A presença viking na França foi tamanha que Paris foi saqueada três
vezes na década de 860, além de sitiada em 885. Melhor preparada do que
nos anos anteriores, a cidade se negou a pagar tributos resistindo ao cerco por
oito meses e impedindo que os navios seguissem o curso do Sena. No fim,
para descontentamento dos parisienses que mantiveram a cidade, o rei Carlos,
o Gordo, permitiu a passagem deles, desde que atacassem a Borgonha, que
tinha se rebelado contra os francos.

Mas os vikings também trabalhavam como mercenários contratados por


nobres francos que se opunham ao poder central. Em 843, um Conde Lambert,
acreditando ter direito sobre a cidade de Nantes, enviou guerreiros nórdicos
para tomar o local no Dia de São João. O resultado, entretanto, não foi o
esperado. A cidade estava cheia de devotos, e os vikings não refrearam sua
habitual ferocidade, executando parte da população e roubando tudo que era
de valor. A catedral foi invadida, fiéis e clero massacrados, inclusive o bispo
que celebrava a missa. Suas últimas palavras foram Sursum Corda, “corações
ao alto”. Por seu martírio, a Igreja o santificou Gohardus de Nantes.

(Cerco de Paris em 845)

No século 10, outra tática de defesa se mostrou mais efetiva. O rei


Carlos III (Carlos o Simples) entregou em 911  no Tratado de Saint-Clair-sur-
Epte, grande parte do norte da França a Rolo, líder viking exilado da terra natal,
em troca de vassalagem e da proteção contra ataques de outros grupos. Rolo
se tornou duque da Normandia, foi batizado, e seus descendentes adotariam a
fé cristã, a língua e os costumes franceses. Seus domínios seriam conhecidos
como Normandia, em referência aos senhores nórdicos. Quando os vikings
voltariam para a França para saquear Paris novamente, Rolo agora lutaria ao
lado dos francos e ganhou dos vikings. Em 927, Rolão passou o feudo da
Normandia para seu filho Guilherme Espada-Longa. O seu
tataraneto Guilherme da Normandia tornou-se rei de Inglaterra ao conquistá-la
em 1066, fazendo de Rolão o ascendente indireto de todos os monarcas
Ingleses da dinastia plantageneta.
(Estátua de Rolão em Calvados.)

A Inglaterra era o principal alvo dos vikings e foi o país que mais sofreu
com os ataques, tendo boa parte de seu território ocupada e regida diretamente
pelos nórdicos. Em 838, os vikings se uniram aos celtas da Cornualha contra
os saxões liderados pelo rei Egbert, e ao Sul, frotas escandinavas se
revezavam em saques nos dois lados do Canal da Mancha.

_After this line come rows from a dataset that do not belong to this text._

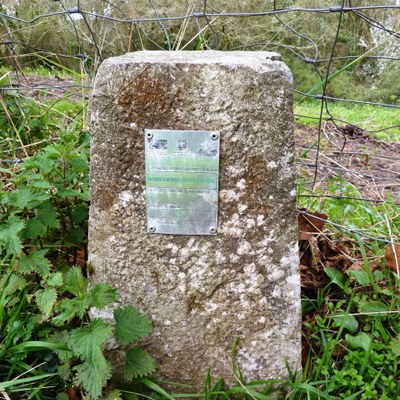 E eta MJ letrak ditu zizelkatuta. Plaka metaliko bat du erantsita “Markina-Xemein eta Eibar / M9” inskripzioarekin.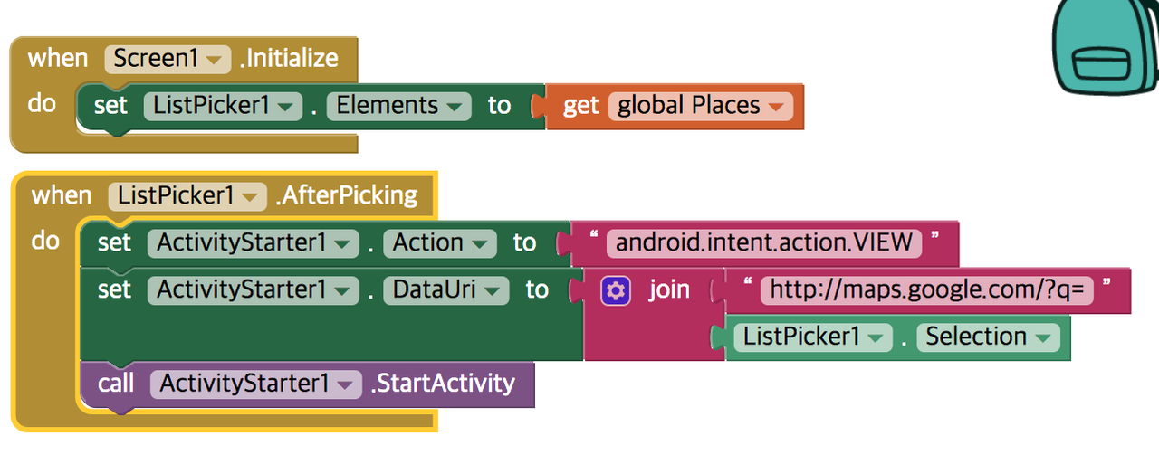 - Screen1에서 when .initialize와 when.AfterPicking을 가져오고 when .initialize에 ListPicker1에서 Elements to를 가져와서 끼우고 variables에서 get global Places을 가져와서 끼우기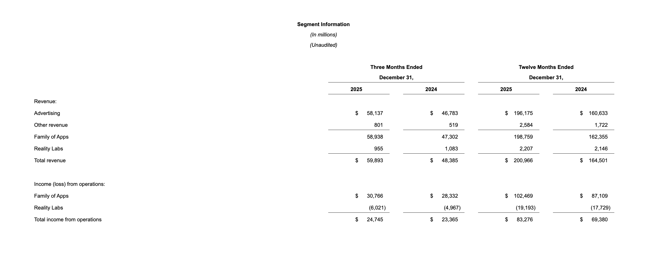 "We had strong business performance in 2025," said Mark Zuckerberg, Meta founder and CEO. "I'm looking forward to advancing personal superintelligence for people around the world in 2026."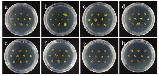 The selection process of hygromycin from sterile scales of ‘Siberia’. (a–h) The photos of embryogenic callus cultured on medium containing 0, 10, 20, 30, 40, 50, 60, and 70 mg/L hygromycin for 40 days. The results showed that in the range of 10–70 mg/L, with the increase in hygromycin concentration, the browning rate became higher and higher and the bud induction rate lower and lower. At 70 mg/L, all small scales were browning and died.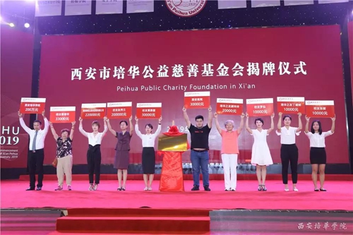 仪式上,西安市培华公益慈善基金会理事长薛清、监事姜波,陕西睿信云财务管理有限公司总经理田菁,1954届毕业生蔡培华共同为“西安市培华公益慈善基金会”揭牌,该基金会是以培华命名的公益慈善组织,所募资金将广泛用于救孤、去病、助残、助医、助学、扶贫、济困等公益慈善社会活动。基金会成立以后,一批单位,教师和校友为基金会捐赠资金,部分捐赠代表到现场出席活动。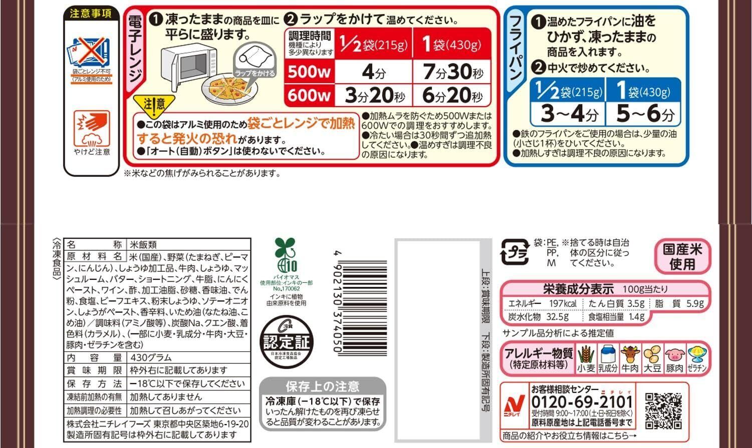 [冷凍] ニチレイ たいめいけんサイコロステーキピラフ 430g×4袋 (× 2)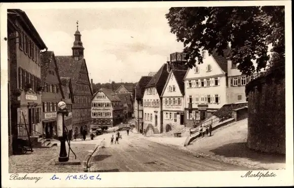 Ak Backnang in Württemberg, Marktplatz, Tankstelle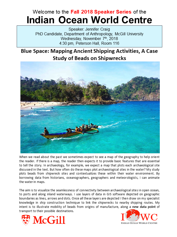 - 7 November: Jennifer Craig (IOWC, McGill University), Blue Space: Mapping Ancient Shipping Activities, A Case Study of Beads on Shipwrecks

Londres não era
capital de nenhum reino, mas era um porto importante e movimentado. Os
vikings saqueiam a cidade em 842 e passam a navegar no Tâmisa em 851,
com uma forta estimada de 350 barcos. O novo ataque a Londres foi um
grande massacre, e os vikings ainda pilharam Cantebury, antes de, pela
primeira vez, montar um acampamento de inverno na Inglaterra. Quatro anos
depois, os nórdicos repetiram a experiência, no que é considerado o prelúdio
para a invasão do Grande Exército Pagão.

Os vikings também passaram pelo Mediterrâneo. Em 859, 62 langskips


partiram da França para o Mediterrâneo, e segundo as sagas nórdicas, foram
lideradas por Hastein e um dos filhos de Ragnar Lodbrok, Björn Flanco de
Ferro. Após cruzar o estreito de Gibraltar, os vikings atacaram a cidade
espanhola de Algeciras, onde queimaram uma grande mesquita. Depois
tomaram Nador, no Marrocos, onde escravizaram a população litorânea.
Passaram pelas Ilhas Baleares e Valência, e depois se concentraram no sul da
França, inclusive fixando-se por algum tempo próximo a Arles.

Da Côte d’Azur, chegaram ao norte da Itália, atacando Pisa e outras


cidades costeiras. Segundo as lendas, ao chegar em Luna, Hastein pensou ter
alcançado Roma. Ao perceber o erro, mandou matar todos o os homens da
cidade. É possível que dali a frota tenha se dirigido ao sul da Itália, chegando à
fronteira oeste do Império Bizantino, na Sicília.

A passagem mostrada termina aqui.